* **WORK TASK**
Write out exactly the lines of the entries below from the one holding "Lyon | Frankreich–Irland |" to the one holding "新華社記者 徐速繪 攝", inclusive, and leave out all other lines.

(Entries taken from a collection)

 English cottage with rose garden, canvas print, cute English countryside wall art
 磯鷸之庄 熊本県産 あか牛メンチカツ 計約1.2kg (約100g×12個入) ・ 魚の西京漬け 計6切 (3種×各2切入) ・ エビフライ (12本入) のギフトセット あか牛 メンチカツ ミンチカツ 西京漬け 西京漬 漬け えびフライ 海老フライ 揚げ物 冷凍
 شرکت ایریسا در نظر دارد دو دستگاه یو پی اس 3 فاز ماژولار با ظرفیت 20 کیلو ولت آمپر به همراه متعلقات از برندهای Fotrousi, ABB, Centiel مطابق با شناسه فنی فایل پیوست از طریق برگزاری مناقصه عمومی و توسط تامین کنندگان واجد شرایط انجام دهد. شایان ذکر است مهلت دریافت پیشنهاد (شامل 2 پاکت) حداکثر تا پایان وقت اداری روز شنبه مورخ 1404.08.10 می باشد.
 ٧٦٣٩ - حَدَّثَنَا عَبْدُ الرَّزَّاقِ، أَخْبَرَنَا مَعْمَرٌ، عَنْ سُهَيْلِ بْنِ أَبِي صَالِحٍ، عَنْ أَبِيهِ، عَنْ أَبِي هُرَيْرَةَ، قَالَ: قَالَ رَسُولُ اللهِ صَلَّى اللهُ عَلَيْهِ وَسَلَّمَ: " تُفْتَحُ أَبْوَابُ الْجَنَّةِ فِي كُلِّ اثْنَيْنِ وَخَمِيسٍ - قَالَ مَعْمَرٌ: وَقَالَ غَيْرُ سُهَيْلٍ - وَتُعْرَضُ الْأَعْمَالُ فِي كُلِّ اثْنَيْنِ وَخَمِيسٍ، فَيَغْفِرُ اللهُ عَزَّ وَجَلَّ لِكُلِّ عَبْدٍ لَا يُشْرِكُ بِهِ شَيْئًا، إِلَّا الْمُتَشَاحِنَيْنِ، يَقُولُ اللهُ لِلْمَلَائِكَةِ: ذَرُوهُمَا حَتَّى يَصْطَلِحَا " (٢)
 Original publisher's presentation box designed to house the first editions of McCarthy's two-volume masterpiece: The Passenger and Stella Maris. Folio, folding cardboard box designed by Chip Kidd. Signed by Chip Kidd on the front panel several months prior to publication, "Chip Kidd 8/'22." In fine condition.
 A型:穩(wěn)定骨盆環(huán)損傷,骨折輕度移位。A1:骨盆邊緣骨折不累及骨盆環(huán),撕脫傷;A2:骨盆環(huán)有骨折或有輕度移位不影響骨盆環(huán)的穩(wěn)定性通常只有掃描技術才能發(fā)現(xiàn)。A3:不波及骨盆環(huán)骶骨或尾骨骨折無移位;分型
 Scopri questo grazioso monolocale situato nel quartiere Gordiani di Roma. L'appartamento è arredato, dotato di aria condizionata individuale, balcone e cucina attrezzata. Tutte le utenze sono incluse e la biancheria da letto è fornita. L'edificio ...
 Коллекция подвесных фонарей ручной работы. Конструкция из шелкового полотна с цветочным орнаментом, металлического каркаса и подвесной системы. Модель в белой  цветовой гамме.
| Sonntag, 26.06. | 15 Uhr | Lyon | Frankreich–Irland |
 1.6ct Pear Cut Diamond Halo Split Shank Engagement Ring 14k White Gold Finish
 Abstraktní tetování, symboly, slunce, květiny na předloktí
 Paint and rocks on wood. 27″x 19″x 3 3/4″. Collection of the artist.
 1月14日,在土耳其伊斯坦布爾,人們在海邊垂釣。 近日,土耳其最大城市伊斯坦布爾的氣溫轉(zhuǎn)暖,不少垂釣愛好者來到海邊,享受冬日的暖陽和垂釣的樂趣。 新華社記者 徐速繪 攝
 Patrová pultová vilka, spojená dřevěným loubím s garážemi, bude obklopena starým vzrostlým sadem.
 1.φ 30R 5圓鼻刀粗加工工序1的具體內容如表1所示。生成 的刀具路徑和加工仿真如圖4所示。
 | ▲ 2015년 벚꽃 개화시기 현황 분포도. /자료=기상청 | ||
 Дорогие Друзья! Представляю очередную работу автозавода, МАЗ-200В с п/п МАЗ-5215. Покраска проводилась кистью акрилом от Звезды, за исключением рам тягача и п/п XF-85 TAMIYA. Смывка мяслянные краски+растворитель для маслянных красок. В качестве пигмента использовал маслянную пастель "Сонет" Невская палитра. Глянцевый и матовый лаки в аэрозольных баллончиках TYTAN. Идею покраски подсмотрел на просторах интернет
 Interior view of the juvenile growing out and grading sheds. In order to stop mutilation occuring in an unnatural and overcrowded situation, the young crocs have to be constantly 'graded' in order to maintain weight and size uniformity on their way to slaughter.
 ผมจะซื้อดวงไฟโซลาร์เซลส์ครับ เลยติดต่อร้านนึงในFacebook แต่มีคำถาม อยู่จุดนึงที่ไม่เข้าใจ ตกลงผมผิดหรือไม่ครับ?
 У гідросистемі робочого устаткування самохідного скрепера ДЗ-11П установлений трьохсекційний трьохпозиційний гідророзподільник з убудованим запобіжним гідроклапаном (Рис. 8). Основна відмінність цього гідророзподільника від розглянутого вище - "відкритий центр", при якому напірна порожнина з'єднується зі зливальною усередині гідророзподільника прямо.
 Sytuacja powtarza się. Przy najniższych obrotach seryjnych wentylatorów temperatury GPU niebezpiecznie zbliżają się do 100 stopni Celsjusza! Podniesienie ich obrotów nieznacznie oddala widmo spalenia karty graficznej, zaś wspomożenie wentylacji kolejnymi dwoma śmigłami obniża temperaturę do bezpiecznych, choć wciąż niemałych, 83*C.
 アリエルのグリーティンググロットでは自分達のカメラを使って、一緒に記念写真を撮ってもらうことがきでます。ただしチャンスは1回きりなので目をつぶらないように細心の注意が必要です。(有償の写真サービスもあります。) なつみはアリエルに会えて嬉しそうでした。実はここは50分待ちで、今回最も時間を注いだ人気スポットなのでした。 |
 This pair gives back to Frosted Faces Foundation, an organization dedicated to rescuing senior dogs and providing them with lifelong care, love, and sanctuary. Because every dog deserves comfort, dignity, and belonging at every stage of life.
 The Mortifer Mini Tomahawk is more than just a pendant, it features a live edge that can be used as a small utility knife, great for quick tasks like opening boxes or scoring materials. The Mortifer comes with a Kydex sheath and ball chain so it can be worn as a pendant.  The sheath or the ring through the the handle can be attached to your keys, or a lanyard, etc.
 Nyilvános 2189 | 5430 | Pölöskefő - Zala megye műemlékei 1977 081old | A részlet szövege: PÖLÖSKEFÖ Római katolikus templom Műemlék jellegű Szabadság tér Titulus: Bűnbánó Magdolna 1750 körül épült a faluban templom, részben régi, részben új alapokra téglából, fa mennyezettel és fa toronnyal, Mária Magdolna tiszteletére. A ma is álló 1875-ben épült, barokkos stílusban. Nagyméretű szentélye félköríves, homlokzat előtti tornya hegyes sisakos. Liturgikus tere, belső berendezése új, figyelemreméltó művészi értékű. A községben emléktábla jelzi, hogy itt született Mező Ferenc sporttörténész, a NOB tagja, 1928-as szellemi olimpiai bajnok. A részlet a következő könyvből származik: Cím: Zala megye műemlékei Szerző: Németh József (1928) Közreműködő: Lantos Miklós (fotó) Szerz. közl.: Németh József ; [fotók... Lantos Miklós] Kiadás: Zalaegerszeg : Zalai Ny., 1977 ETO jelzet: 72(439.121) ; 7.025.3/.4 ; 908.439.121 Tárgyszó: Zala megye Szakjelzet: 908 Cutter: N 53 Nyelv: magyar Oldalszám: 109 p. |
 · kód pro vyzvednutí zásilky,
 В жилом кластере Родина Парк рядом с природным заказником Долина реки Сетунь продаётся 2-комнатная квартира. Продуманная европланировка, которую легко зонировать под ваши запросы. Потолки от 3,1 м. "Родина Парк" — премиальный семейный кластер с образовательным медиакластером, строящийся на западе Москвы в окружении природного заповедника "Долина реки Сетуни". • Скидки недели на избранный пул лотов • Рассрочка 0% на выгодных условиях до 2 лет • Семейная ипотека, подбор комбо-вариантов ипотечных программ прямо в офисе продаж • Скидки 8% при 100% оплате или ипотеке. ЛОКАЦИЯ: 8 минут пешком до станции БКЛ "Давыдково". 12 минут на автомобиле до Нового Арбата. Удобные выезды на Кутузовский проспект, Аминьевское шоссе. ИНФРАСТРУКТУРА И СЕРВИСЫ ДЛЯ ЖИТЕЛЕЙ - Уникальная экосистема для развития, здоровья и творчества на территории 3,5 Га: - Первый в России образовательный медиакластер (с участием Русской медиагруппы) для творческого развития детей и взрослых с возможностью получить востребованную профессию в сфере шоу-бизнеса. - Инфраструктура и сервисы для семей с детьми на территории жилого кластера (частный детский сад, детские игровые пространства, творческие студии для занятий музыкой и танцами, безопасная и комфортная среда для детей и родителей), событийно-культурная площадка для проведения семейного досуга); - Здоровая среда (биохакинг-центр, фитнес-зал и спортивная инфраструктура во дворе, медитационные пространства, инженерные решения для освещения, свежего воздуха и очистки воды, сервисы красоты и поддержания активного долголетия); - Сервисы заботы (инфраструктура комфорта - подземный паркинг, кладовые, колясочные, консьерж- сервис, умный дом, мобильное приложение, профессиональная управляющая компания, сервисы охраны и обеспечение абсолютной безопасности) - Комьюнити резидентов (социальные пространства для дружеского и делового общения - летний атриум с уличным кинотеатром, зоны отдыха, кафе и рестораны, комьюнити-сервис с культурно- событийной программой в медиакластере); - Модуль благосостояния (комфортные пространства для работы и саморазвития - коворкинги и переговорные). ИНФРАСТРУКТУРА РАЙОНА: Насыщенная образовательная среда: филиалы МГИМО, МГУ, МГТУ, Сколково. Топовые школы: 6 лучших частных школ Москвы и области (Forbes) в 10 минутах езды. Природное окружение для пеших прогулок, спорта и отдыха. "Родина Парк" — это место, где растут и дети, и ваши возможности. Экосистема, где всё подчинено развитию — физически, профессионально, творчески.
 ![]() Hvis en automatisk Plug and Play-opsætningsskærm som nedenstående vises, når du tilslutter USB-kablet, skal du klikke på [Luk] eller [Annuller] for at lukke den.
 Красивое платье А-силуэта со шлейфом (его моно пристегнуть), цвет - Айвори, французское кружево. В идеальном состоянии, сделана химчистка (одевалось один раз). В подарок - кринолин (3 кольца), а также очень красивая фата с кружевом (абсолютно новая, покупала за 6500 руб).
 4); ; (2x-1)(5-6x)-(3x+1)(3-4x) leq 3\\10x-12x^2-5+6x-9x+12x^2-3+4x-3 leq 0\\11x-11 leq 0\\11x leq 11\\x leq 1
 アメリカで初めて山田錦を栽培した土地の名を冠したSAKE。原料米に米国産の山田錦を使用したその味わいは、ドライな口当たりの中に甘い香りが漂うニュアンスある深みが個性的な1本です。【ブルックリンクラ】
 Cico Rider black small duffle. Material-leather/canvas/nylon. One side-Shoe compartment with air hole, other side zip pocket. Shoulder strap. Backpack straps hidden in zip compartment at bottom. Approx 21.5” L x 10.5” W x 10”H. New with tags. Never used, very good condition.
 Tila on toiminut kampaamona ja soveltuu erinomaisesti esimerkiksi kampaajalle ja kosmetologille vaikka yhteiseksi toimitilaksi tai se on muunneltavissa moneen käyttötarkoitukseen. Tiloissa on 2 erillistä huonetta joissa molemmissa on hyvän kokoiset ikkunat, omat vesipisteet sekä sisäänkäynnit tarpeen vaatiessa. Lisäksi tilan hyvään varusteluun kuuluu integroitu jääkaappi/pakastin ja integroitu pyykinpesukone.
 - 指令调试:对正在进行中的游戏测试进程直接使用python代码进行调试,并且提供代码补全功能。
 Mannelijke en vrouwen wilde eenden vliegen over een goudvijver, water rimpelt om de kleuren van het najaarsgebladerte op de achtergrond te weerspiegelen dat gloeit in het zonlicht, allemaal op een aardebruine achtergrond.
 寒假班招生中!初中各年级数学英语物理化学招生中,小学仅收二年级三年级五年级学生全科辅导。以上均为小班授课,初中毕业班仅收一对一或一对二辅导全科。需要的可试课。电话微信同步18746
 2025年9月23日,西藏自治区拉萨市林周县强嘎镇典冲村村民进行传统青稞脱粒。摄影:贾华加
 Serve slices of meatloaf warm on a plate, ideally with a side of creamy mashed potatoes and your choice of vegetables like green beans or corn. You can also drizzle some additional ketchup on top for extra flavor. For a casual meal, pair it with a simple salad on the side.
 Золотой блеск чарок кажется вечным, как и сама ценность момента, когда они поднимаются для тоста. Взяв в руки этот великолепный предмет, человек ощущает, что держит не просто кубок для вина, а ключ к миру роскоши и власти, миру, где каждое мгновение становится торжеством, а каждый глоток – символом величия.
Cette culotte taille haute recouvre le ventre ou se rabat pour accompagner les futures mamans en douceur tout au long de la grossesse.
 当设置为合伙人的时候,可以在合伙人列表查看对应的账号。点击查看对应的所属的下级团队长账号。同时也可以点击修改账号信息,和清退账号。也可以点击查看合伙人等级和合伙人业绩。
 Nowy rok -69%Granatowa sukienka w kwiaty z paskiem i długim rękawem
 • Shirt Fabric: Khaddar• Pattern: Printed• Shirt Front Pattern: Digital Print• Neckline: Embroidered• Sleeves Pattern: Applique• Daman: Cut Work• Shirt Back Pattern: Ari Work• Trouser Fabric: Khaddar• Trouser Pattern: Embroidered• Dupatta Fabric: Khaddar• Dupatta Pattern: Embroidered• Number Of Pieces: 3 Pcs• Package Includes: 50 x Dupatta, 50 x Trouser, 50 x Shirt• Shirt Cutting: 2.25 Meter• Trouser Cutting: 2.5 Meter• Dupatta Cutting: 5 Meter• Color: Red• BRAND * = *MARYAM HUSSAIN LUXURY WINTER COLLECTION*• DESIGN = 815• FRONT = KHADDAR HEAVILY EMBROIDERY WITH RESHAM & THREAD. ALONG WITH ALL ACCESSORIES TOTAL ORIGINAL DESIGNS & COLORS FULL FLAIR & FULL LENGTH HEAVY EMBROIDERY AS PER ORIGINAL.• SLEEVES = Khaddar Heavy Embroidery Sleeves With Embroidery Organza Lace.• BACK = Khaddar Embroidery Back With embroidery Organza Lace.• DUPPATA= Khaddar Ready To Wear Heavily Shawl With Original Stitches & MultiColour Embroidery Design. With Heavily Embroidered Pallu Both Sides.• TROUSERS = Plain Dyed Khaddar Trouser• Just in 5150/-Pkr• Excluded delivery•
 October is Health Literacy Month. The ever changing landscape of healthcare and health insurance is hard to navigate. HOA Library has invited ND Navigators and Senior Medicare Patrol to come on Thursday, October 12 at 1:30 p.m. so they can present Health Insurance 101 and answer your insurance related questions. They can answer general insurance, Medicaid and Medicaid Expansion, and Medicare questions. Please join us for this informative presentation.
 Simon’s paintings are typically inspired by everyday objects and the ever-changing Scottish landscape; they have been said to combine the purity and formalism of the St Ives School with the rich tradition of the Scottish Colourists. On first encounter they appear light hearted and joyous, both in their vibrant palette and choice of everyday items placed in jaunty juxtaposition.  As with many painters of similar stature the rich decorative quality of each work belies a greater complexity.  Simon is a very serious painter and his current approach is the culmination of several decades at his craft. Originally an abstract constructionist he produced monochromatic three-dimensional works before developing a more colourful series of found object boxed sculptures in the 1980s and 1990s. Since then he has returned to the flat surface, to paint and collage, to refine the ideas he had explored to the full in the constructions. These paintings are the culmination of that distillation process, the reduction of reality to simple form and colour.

* **EXPECTED ANSWER**
| Sonntag, 26.06. | 15 Uhr | Lyon | Frankreich–Irland |
 1.6ct Pear Cut Diamond Halo Split Shank Engagement Ring 14k White Gold Finish
 Abstraktní tetování, symboly, slunce, květiny na předloktí
 Paint and rocks on wood. 27″x 19″x 3 3/4″. Collection of the artist.
 1月14日,在土耳其伊斯坦布爾,人們在海邊垂釣。 近日,土耳其最大城市伊斯坦布爾的氣溫轉(zhuǎn)暖,不少垂釣愛好者來到海邊,享受冬日的暖陽和垂釣的樂趣。 新華社記者 徐速繪 攝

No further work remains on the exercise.